After the penalty, Baltic felt a further injunction when Dave Barrett found himself through on goal, only for the linesman to raise his flag. Barrett was definitely onside and the linesman got a deserved volley of abuse for blatant cheating.
On the stroke of half time, things went from bad to worse for Baltic as Anthony scored his second of the game with a screamer from the edge of the area. Wickham went into the break a goal to the good.
The second half saw Baltic make a positional change. Cameron came on for fellow debutant Wayne, playing behind lone striker Dave Barrett with Aaron Woolhouse reverting to centre back, Arron Watmore moving to right back and Phil Broughton to midfield.
Baltic equalised in controversial fashion.

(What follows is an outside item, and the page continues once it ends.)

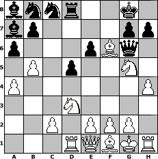 Partie-Notation im PGN-Format [Event "Die Eisenbahner sind wieder da!!"] [Site "www.mySchach.de"] [Date "2016.09.09"] [Round "1"] [White "larlinde"] [Black "espero"] [Variant "Fischerrandom"] [SetUp "1"] [FEN "bnnrqbkr/pppppppp/8/8/8/8/PPPPPPPP/BNNRQBKR w KQkq - 0 1"] [WhitemyELO "2146"] [BlackmyELO "1892"] [Result "1-0"] [TimeControl "10/1728000"] [WhiteDays "35"] [BlackDays "40"] [MySchachNr "104857"] 1. e4 c5 2. Nc3 e6 3. d4 a6 4. dxc5 Bxc5 5. Nd3 Ba7 6. a4 O-O 7. b4 f5 8. b5 fxe4 9. Nxe4 Qg6 10. h4 d5 11. Ng5 Rf6 12. Bxf6 1-0 Stellungs-Notation im FEN-Format bnnr2k1/bp4pp/p3pBq1/1P1p2N1/P6P/3N4/2P1PPP1/3RQBKR - KQ - 0 12 Geschlagene Figuren Weiss: Geschlagene Figuren Schwarz: Klicken Sie auf eine geschlagene Figur um den gewünschten Zug darzustellen!

Ricky Baxter whose crossing had been wayward most of the game whipped a cross in that was flapped at by the keeper under pressure from Barrett, bouncing past both of them and into the net. The linesman raised his flag as the ball was rolling into the net. Barrett may have been offside but the referee overruled the linesman and the goal stood.
Wickham retook the lead almost immediately, Anthony waltzing past 4 Baltic players and firing inside the keepers near post, completing his hat trick. To be fair, they were three high quality goals.
The host heads began to drop and for fifteen minutes after the goal they played like they were four goals down rather than one. However, following a rallying cry and a change to a more attacking formation, Baltic turned the game on its head, again in controversial circumstances.
Broughton crossed a ball from the byline which may or may not have been over the line for Barrett to tap in. If VAR or goal line technology had been available that may have cleared up the issue but the Wickham players and linesman over the far side of the pitch thought the ball had gone out, Broughton thought it had stayed in. The referee sided with the attacking team.
Wickham were incensed by this, hat trick hero Anthony walking off the pitch in protest. However, step up Baltic's own hat-trick hero Dave Barrett. A sweeping Baltic counter attack found Cameron in acres of space in midfield. He marauded forward before slipping a sumptuous ball in for Barrett who rifled a screamer past the keeper before wheeling off in celebration mobbed by his teammates.
The final few minutes were played out with Wickham throwing the kitchen sink at the hosts, but Baltic stood firm to win a great game full of drama.